Su Huan tourna la tête et, ne voyant aucun changement sur le visage de Yu Jing, l'estima forcément un peu plus haut.

« La dernière cabine privée est à toi. N'en sors pas avant que je t'appelle. Il y a un paquet de biscuits et une bouteille d'eau purifiée à l'intérieur ; c'est ta ration pour aujourd'hui. »

Su Huan parlait sans y mettre d'émotion.

La femme hésita à parler, puis fut tirée par Yu Jing dans le compartiment à couchettes molles, et dans un déclic la porte de la cabine fut verrouillée de l'intérieur.

Su Huan masqua la vitre de la porte de passage et remonta le couloir vers la voiture couchettes molles de luxe.

À l'instant même où il poussait la porte du compartiment.

« Bang ! »

Un choc sourd retentit à la fenêtre devant lui.

Une large tache de sang écarlate s'étala sur la vitre, et l'ombre noire fut arrachée par le train lancé à pleine vitesse.

Cette scène horrifiante ne troubla pas Su Huan le moins du monde. Pour les autres, c'était la première semaine de l'apocalypse ; pour lui, c'était l'apocalypse plus quatre ans et une semaine.

La première chose qu'il avait faite après sa renaissance, ce n'était pas de rassembler des vivres ni de bâtir un abri.

C'était d'acheter un billet pour le circuit touristique mondial en train rétro.

Parce que lui seul savait que la terre sous ses pieds ne cesserait de chauffer au cours du mois suivant, jusqu'à atteindre plus de 100 degrés, un chiffre terrifiant.

Les sources d'eau s'assèchent, la société s'effondre, et par-dessus cela l'explosion massive d'un virus zombie transforme les villes en enfer du jour au lendemain. (Précision : hautes températures régionales, et non mondiales.)

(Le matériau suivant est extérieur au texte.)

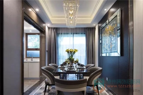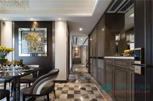 餐廳深淺灰調(diào)石材交錯構(gòu)成的幾何圖案地板,帶來視覺上的層次感,又賦予和諧的品質(zhì)感;陳設(shè)其上的優(yōu)質(zhì)皮革,將工匠的熱情投入到日常生活,彰顯了空間并不張揚(yáng)的奢裝理念。
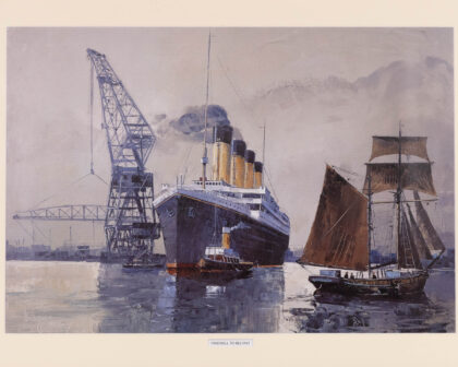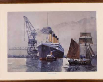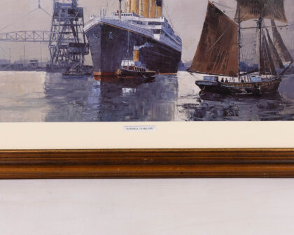 Framed print of a painting titled 'Farewell to Belfast', featuring the Titanic at port, with a crane and sailing ship in the background. The print is encased in a simple brown wooden frame, complemented by a neutral inner mount. The artwork depicts a maritime scene with a focus on the famous ship. It would make a great gift for someone interested in maritime history.

Les humains survivants, découvrant des températures plus basses dans le nord, se mirent à fuir vers le nord en masse.

Dans sa vie précédente, il s'en était sorti par miracle, avant d'affronter toutes sortes de cataclysmes terrifiants et de lutter quatre ans avant de mourir dans le désespoir.

Alors, après sa renaissance, la première chose à faire était de monter vers le nord.

En regardant la sueur perler peu à peu sur son bras, puis le thermomètre accroché au mur, il vit que la ligne rouge avait atteint 27 °C.

Su Huan sortit calmement son carnet de bord.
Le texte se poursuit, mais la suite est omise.